Dia dihadapkan dengan pilihan. Seluruh ide telah kehilangan berkilau. Mungkin juga membuangnya masuk Tinggalkan di belakang. Pergi minum teh. Segelas anggur. Pergi berbelanja. Kumpulkan anak-anak dari sekolah, apa-apa kecuali tinggal di sini di depan kanvas ini gagal. Dia tidak peduli lagi. Dia tetesan cat lebih ke halaman, sebuah colet sini, stroke sana. Lesu, tak bernyawa tanpa energi atau harapan. Dia menyerah ide aslinya.
Jika ia dapat bertahan sesuatu dapat terjadi, sesuatu yang baru mungkin muncul di kanvas, sesuatu yang tidak tahu, tidak ada konsepsi sadar, seperti protes kuncup, beberapa hidup baru. Kemudian kembali energi, harapan baru, kemungkinan beberapa ciptaan baru. Leunig mendesak kita untuk memperhatikan pentingnya mencoba kedua.
Tapi bagaimana saya dapat membuat tautan gagasan ini dengan gagasan balas dendam?
Jika saya berpikir tentang pelatihan analitik, pelatihan dapat dilihat sebagai sesuatu seperti kanvas saya, ide saya dalam pikiran saya.
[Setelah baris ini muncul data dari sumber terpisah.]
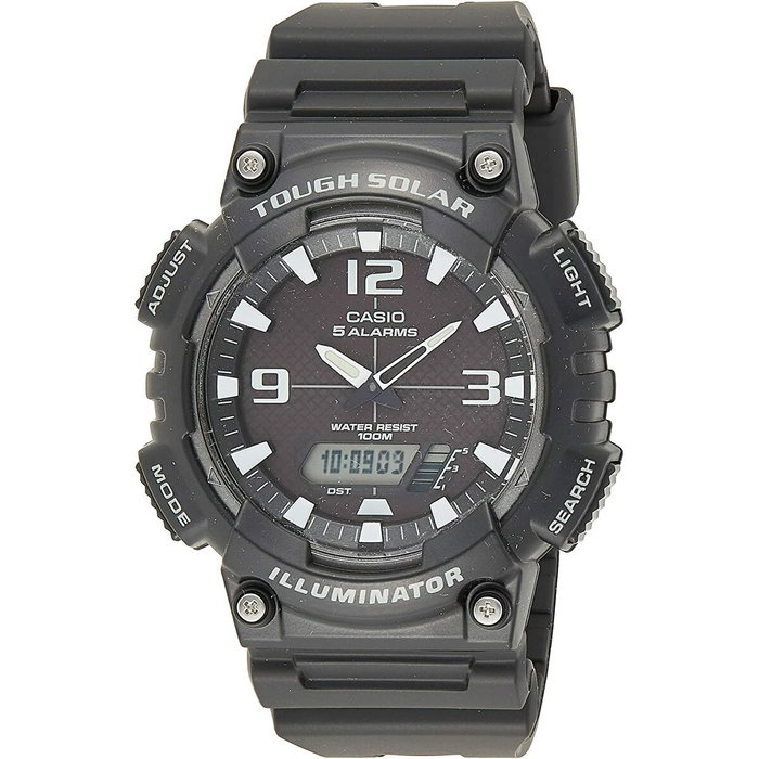 Le Casio AQ-S810W1AVEF est une montre pour homme qui allie fonctionnalité et robustesse dans un design discret et pratique. Son boîtier et son bracelet sont en résine noire, un matériau léger et résistant, idéal pour un usage quotidien confortable, parfait pour ceux qui recherchent un accessoire solide et peu exigeant en entretien. Le cadran noir offre une lecture claire et simple, complétée par des caractéristiques typiques de la collection Casio Collection, destinée aux utilisateurs appréciant la fiabilité classique. Ce modèle fait partie d’une gamme de montres solaires, ce qui signifie qu’il se recharge à la lumière naturelle ou artificielle, optimisant ainsi l’autonomie et réduisant la fréquence de changement de pile. Son design sobre et fonctionnel s’adapte aussi bien aux environnements décontractés que sportifs, offrant polyvalence sans sacrifier une esthétique élégante et minimaliste. En résumé, le Casio AQ-S810W1AVEF est une option pratique et durable pour l’homme moderne cherchant une montre fonctionnelle, légère et conçue avec des matériaux garantissant une longue durée de vie.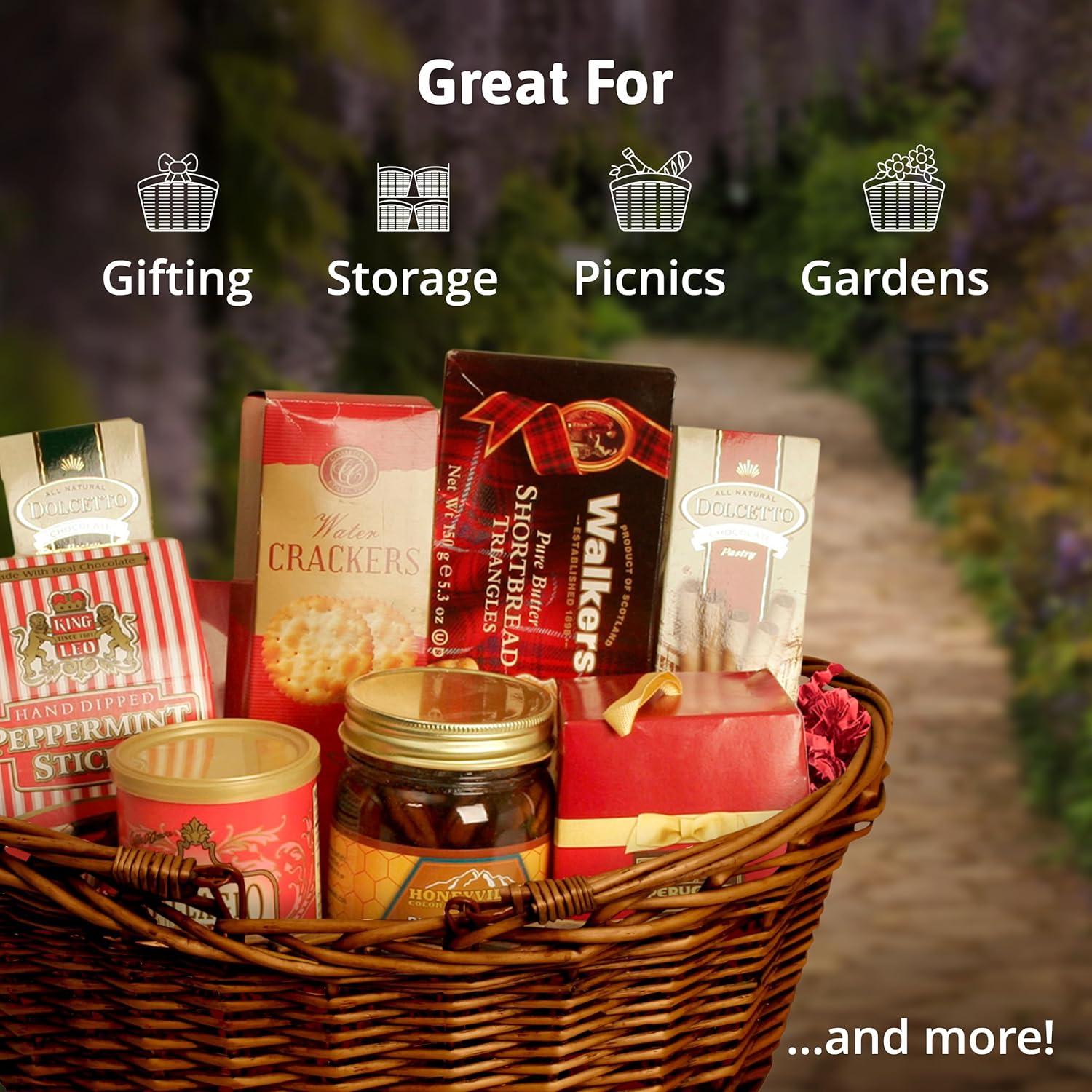 - WICKER BASKET: Create an attractive gift basket for family and friends. Our willow picnic basket has folding handles that fold down for storage or up for easy carrying, so you can take it with you anywhere or use it as storage and organization for household items.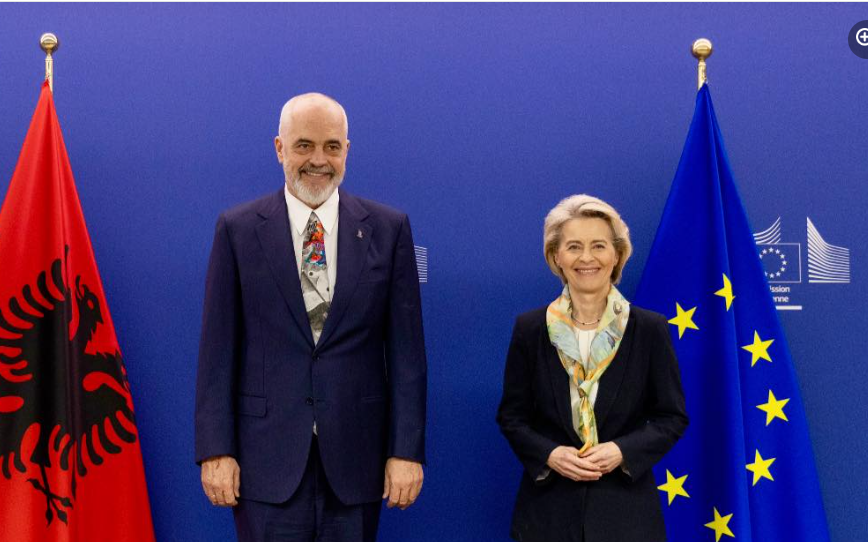 Kryeministri i Shqipërisë, Edi Rama gjatë qëndrimit në Bruksel është takuar me Presidenten e Komisionit Evriopian, Ursula von der Leyen.

Aku begitu senang bisa diterima dalam pelatihan, jadi senang bahwa suatu hari nanti aku akan muncul sebagai terapis yang kompeten, sedikit seperti lukisan indah dibayangkan oleh seniman Leunig, tapi bagi saya kekecewaan yang datang dengan waktu ketika mimpi itu diambil dari saya. Aku tidak bisa melanjutkan pelatihan, bukan karena aku menyerah tapi karena orang lain menyerah.
Di sinilah, terletak sumber keinginan untuk membalas dendam. Hal ini lahir dari rasa ketidakadilan, rasa marah, bahwa mimpi saya diambil dari saya pada saat saya bisa mulai melihat secara berbeda.
Saya perlu mengubah arah. Saya perlu memfokuskan kembali energi saya.
Tesis saya adalah upaya saya untuk melakukan hal ini. Namun setiap kali aku pergi ke sebuah pertemuan dari orang-orang yang saya analis mungkin sekali bergabung, perasaan kuno menjadi orang buangan itu, ditolak satu, kembali.